By default Lyric will attempt to use a 2nd degree polynomial to model the data. If you would like to use a higher order polynomial for the model, just pass in the degree you would like to use in the buildModel() and applyModel() functions. For example, to model using a 4-th degree polynomial you would modify the above example as follows:

var estimateData = Lyric.applyModel(estimationInput, Lyric.buildModel(data, 4), 4);

Timeseries

For timeseries data using regular intervals, it is typically more efficient to use the ordinality as the explanatory value than the timestamp. For example, given the following data series:

var input = new Array();
input['x'] = new Array();		input['y'] = new Array();
input['x'][0] = '2012-03-01';		input['y'][0] = 0.5;
input['x'][1] = '2012-03-02';		input['y'][1] = 1.6;	
input['x'][2] = '2012-03-03';		input['y'][2] = 4.5;
input['x'][3] = '2012-03-04';		input['y'][3] = 7.6;
input['x'][4] = '2012-03-05';		input['y'][4] = 10.1;

You can turn the dates in the input0 series into timestamps for use in modelling, but since each data point represents a single day the easier and simpler calculation is to ignore the particular days and use the ordinality. Lyric provides a convenience function for manipulating this kind of data called ordinalize() which is used as shown below:

var ordinalInput = Lyric.ordinalize(input);

The resulting ordinalInput will be equivalent to having created the following input:

var input = new Array();
input['label'] = new Array(); 			input['x'] = new Array();	input['y'] = new Array();
input['label'][0] = '2012-03-01';		input['x'][0] = 1;		input['y'][0] = 0.5;
input['label'][1] = '2012-03-01';		input['x'][1] = 2;		input['y'][1] = 1.6;	
input['label'][2] = '2012-03-01';		input['x'][2] = 3;		input['y'][2] = 4.5;
input['label'][3] = '2012-03-01';		input['x'][3] = 4;		input['y'][3] = 7.6;
input['label'][4] = '2012-03-01';		input['x'][4] = 5;		input['y'][4] = 10.1;

Lyric can then use the ordinal x values to more efficiently compute the regression. Note that if you do use this, you need to ordinalize both the input provided to build the model AND the input the model is applied.

Implementation

Lyric uses the Normal Equation (closed form) to build the linear model. You can read more about the Normal Equation here: http://mathworld.wolfram.com/NormalEquation.html

This does introduce the limitation that Lyric will not work on input data that produces a non-invertible matrix when multiplied by its transpose.
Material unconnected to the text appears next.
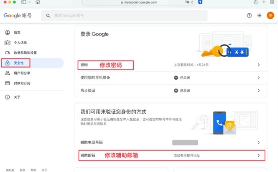 点击安全性选项,找到密码设置入口进行修改,随后把辅助邮箱更换为自己的邮箱。

A full breakdown on Lyric is available here: http://tech.flurry.com/lyric-linear-regression-in-pure-javascript

License

Copyright 2012 Flurry, Inc. (http://flurry.com) - modifications 2013 Sean Byrnes

Licensed under the Apache License, Version 2.0 (the "License"); you may not use this file except in compliance with the License. You may obtain a copy of the License at

http://www.apache.org/licenses/LICENSE-2.0

Unless required by applicable law or agreed to in writing, software distributed under the License is distributed on an "AS IS" BASIS, WITHOUT WARRANTIES OR CONDITIONS OF ANY KIND, either express or implied. See the License for the specific language governing permissions and limitations under the License.